→ How to complete this task:
Nothing but the lines below from the one containing "Podróż do świata" through the one containing "This fun design" should appear in the answer, exact and without pictures.

→ Supplied material:
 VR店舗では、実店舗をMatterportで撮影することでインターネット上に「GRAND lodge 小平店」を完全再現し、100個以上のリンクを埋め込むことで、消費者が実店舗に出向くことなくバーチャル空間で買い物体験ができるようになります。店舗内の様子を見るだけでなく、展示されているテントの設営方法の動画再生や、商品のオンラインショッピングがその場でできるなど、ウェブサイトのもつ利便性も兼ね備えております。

==

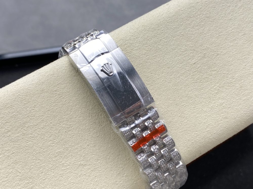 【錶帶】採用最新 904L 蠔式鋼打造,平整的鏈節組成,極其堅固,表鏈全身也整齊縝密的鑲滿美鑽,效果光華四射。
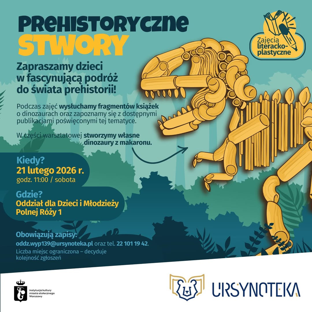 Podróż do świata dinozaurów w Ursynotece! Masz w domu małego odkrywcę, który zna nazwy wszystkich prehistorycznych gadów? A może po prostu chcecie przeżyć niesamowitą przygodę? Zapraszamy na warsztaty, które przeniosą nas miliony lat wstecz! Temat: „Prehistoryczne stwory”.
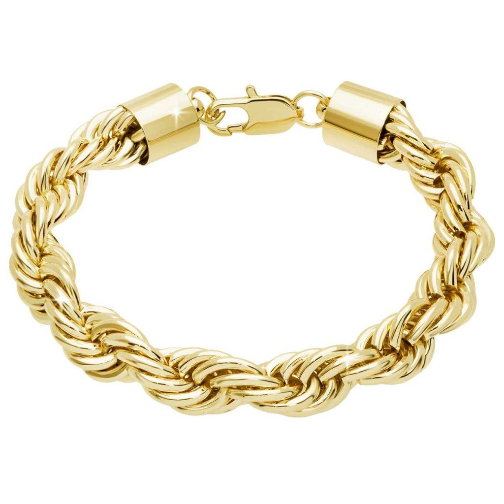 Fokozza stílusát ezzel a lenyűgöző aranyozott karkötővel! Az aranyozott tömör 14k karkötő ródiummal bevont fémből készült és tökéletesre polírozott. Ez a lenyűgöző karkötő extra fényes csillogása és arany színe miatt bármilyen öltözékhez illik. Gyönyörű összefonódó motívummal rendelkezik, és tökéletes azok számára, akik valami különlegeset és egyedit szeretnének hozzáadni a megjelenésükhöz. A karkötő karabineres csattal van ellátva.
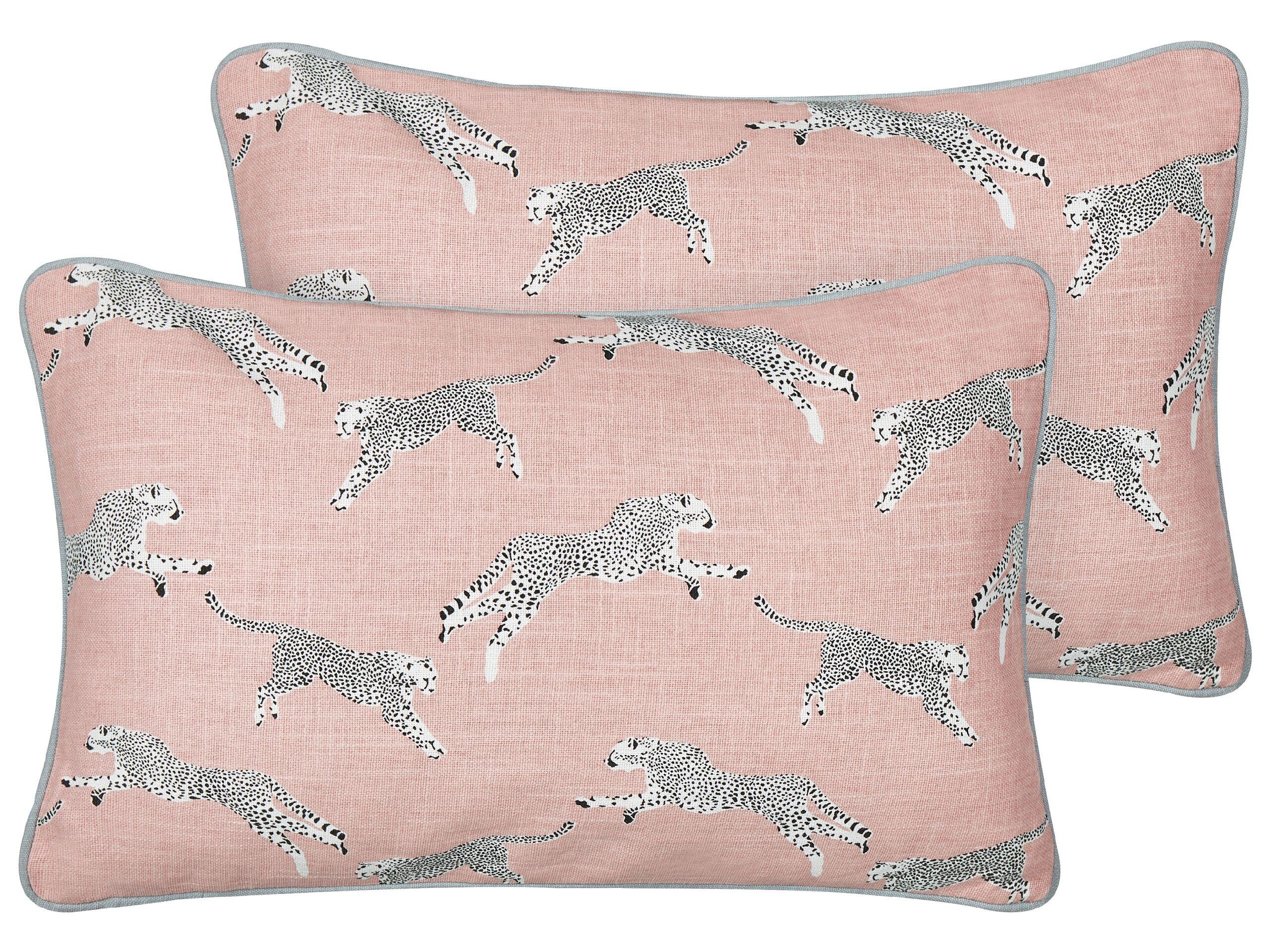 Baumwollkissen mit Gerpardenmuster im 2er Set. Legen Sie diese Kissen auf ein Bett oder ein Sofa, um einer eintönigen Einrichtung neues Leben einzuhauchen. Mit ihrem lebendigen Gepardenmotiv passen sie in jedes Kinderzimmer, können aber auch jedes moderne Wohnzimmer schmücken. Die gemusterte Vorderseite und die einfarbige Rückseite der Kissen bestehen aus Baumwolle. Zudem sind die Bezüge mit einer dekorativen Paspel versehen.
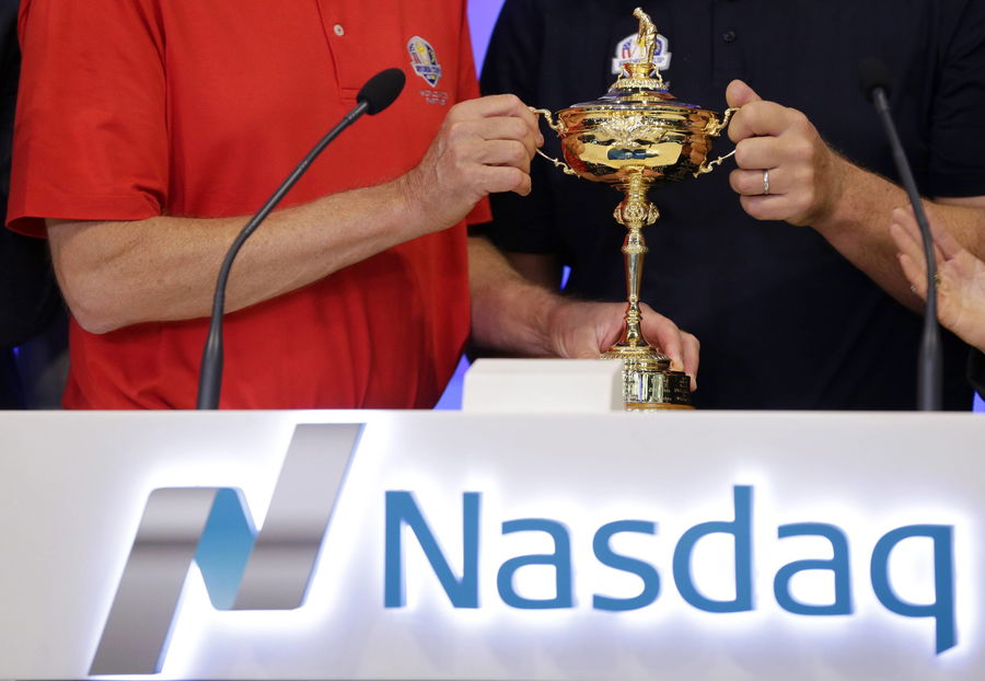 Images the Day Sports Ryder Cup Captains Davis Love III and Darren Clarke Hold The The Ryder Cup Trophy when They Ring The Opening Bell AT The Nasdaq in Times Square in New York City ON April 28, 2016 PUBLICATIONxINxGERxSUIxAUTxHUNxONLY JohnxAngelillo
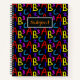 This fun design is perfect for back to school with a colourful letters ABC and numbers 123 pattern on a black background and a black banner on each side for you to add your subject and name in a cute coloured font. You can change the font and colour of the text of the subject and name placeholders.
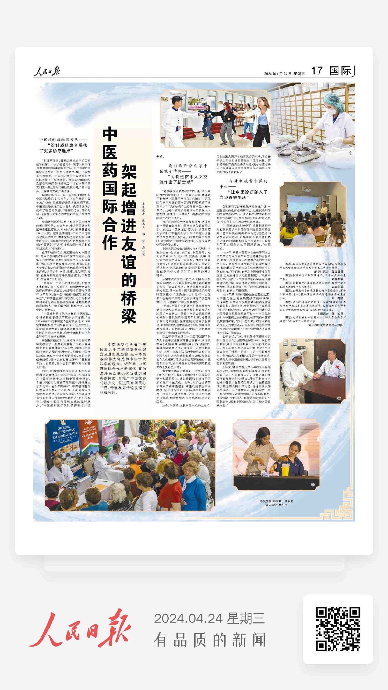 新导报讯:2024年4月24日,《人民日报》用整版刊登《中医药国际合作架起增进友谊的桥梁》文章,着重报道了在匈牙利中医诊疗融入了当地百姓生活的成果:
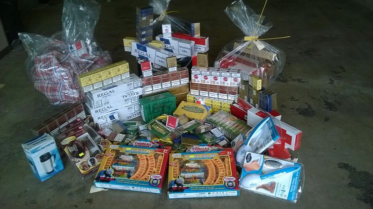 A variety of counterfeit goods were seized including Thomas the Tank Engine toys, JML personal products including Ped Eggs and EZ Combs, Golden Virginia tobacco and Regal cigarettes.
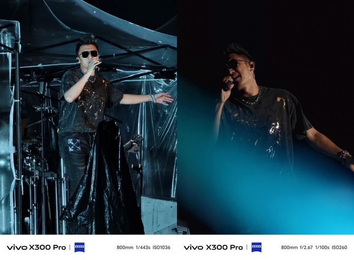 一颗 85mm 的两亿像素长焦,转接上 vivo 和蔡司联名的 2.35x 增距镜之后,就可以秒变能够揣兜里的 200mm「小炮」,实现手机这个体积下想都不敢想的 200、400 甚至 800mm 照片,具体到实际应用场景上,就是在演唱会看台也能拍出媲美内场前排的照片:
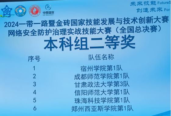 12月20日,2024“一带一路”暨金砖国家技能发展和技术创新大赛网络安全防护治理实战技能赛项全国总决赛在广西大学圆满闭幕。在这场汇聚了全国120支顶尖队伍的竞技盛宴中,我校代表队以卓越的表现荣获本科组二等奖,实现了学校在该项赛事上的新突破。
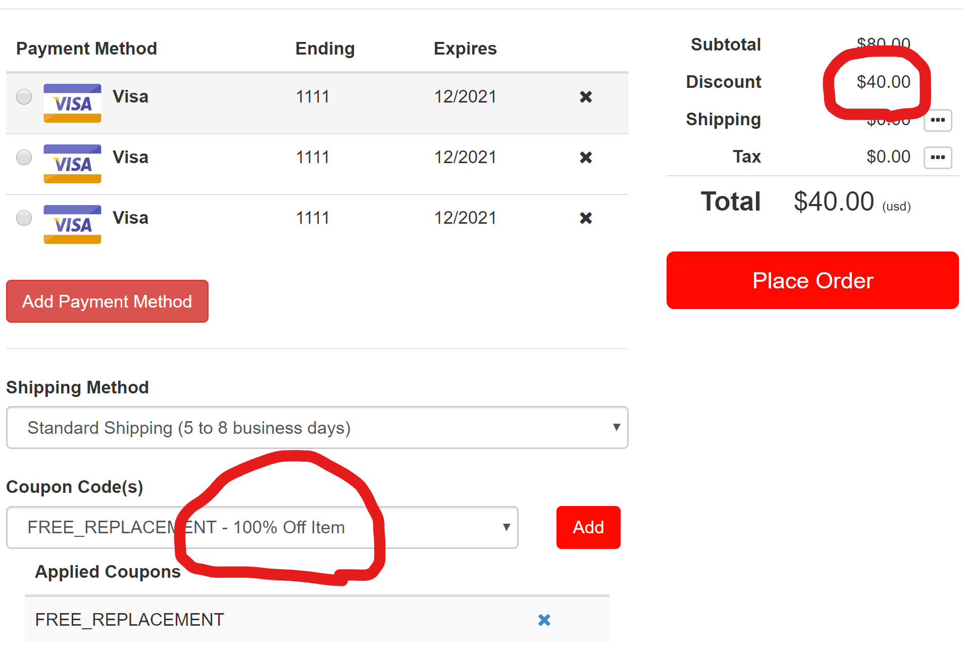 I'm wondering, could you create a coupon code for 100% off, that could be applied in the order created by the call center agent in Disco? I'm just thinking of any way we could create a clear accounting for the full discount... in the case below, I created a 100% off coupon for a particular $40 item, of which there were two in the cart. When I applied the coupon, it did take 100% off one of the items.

→ Exercise output:
 Podróż do świata dinozaurów w Ursynotece! Masz w domu małego odkrywcę, który zna nazwy wszystkich prehistorycznych gadów? A może po prostu chcecie przeżyć niesamowitą przygodę? Zapraszamy na warsztaty, które przeniosą nas miliony lat wstecz! Temat: „Prehistoryczne stwory”.
 Fokozza stílusát ezzel a lenyűgöző aranyozott karkötővel! Az aranyozott tömör 14k karkötő ródiummal bevont fémből készült és tökéletesre polírozott. Ez a lenyűgöző karkötő extra fényes csillogása és arany színe miatt bármilyen öltözékhez illik. Gyönyörű összefonódó motívummal rendelkezik, és tökéletes azok számára, akik valami különlegeset és egyedit szeretnének hozzáadni a megjelenésükhöz. A karkötő karabineres csattal van ellátva.
 Baumwollkissen mit Gerpardenmuster im 2er Set. Legen Sie diese Kissen auf ein Bett oder ein Sofa, um einer eintönigen Einrichtung neues Leben einzuhauchen. Mit ihrem lebendigen Gepardenmotiv passen sie in jedes Kinderzimmer, können aber auch jedes moderne Wohnzimmer schmücken. Die gemusterte Vorderseite und die einfarbige Rückseite der Kissen bestehen aus Baumwolle. Zudem sind die Bezüge mit einer dekorativen Paspel versehen.
 Images the Day Sports Ryder Cup Captains Davis Love III and Darren Clarke Hold The The Ryder Cup Trophy when They Ring The Opening Bell AT The Nasdaq in Times Square in New York City ON April 28, 2016 PUBLICATIONxINxGERxSUIxAUTxHUNxONLY JohnxAngelillo
 This fun design is perfect for back to school with a colourful letters ABC and numbers 123 pattern on a black background and a black banner on each side for you to add your subject and name in a cute coloured font. You can change the font and colour of the text of the subject and name placeholders.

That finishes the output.